Я вижу — Сопротивление для Алекса значит очень много. Он счастлив, что движение живёт и процветает, что оно охватило своими щупальцами весь Портленд. Я пытаюсь улыбаться, но щёки не слушаются. Мне до сих пор не по себе от осознания того, что всё, чему меня учили — ложь. Трудно вот так сразу перестроиться и начать думать о диссидентах — симпатизёрах и участниках Сопротивления — как о союзниках, а не врагах.
Но после того, как я прокрадусь через границу, меня смело можно будет причислить к диссидентам. В то же время, я уже не могу переиграть. Я хочу в Дебри! И, если уж на то пошло, то положа руку на сердце, я уже давно диссидент — с того самого момента, когда Алекс попросил меня встретиться с ним на Бэк Коув, и я на это согласилась. Кажется, у меня остались только смутные воспоминания о той добропорядочной барышне, какой я была раньше, которая всегда делала так, как ей говорили, никогда не лгала и считала дни до Процедуры с радостным нетерпением, а не с ужасом и отвращением. О девушке, которая боялась всего и всех. О девушке, которая боялась себя самой.
На следующий день я прихожу домой с работы и особо подчёркнуто прошу Кэрол одолжить мне её мобильник, после чего строчу Ханне смску: «Сегодня мы с А. ночуем у тебя?» Это у нас шифр такой, означающий, что я прошу подругу прикрыть мою спину. Для Кэрол мы придумали легенду, что, дескать, сильно задружились с Аллисон Давни — нашей бывшей одноклассницей. Семья Давни ещё богаче Тэйтов, а сама Аллисон — сука, какую поискать, заносчивая и высокомерная. Сначала Ханна бурно противилась тому, чтобы таинственное «А.» обозначало Аллисон; моей подруге не по нутру даже
От Ханны незамедлительно приходит ответ: «Само собой. Увидимся вечером».

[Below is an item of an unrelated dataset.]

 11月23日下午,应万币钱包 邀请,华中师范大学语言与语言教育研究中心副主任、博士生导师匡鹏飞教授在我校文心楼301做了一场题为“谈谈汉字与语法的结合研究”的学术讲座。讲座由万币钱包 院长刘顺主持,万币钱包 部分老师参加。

Интересно, как бы среагировала Аллисон, узнай она, что мы пользуемся её именем в качестве крыши для моего парня? Наверно, лопнула бы от злости и поехала мозгами. При этой мысли мне становится хорошо на душе.
Незадолго до восьми вечера я спускаюсь вниз со своей огромной сумкой, которой всегда пользуюсь, если отправляюсь с ночёвкой — она демонстративно переброшена через плечо. Из неё так же демонстративно высовывается пижама. Я набила сумку в точности теми же вещами, которые обычно беру с собой, когда собираюсь ночевать у Ханны. Кэрол одаривает меня своей еле заметной улыбкой и желает приятно провести время. Я чувствую укол совести. Я теперь так часто и так беззастенчиво лгу.

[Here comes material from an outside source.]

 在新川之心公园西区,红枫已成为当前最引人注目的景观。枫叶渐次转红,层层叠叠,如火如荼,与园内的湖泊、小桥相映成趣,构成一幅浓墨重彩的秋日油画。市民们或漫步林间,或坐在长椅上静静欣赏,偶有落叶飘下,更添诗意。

Но никакие укоры совести не могут остановить меня. Выйдя на улицу, я направлюсь к Вест-Энду — на случай, если Кэрол или Дженни следят из окна. И только достигнув Спринг-стрит, резко сворачиваю на Диринг-авеню и лечу к Брукс-стрит, 37. Идти далеко, так что до Диринг Хайлендс я добираюсь, когда небо уже совсем тёмное. Как всегда, улицы здесь пустынны. Проскальзываю в заржавленную калитку, отодвигаю полуоторванную доску в окне первого этажа, протискиваюсь в щель, и вот я уже в доме.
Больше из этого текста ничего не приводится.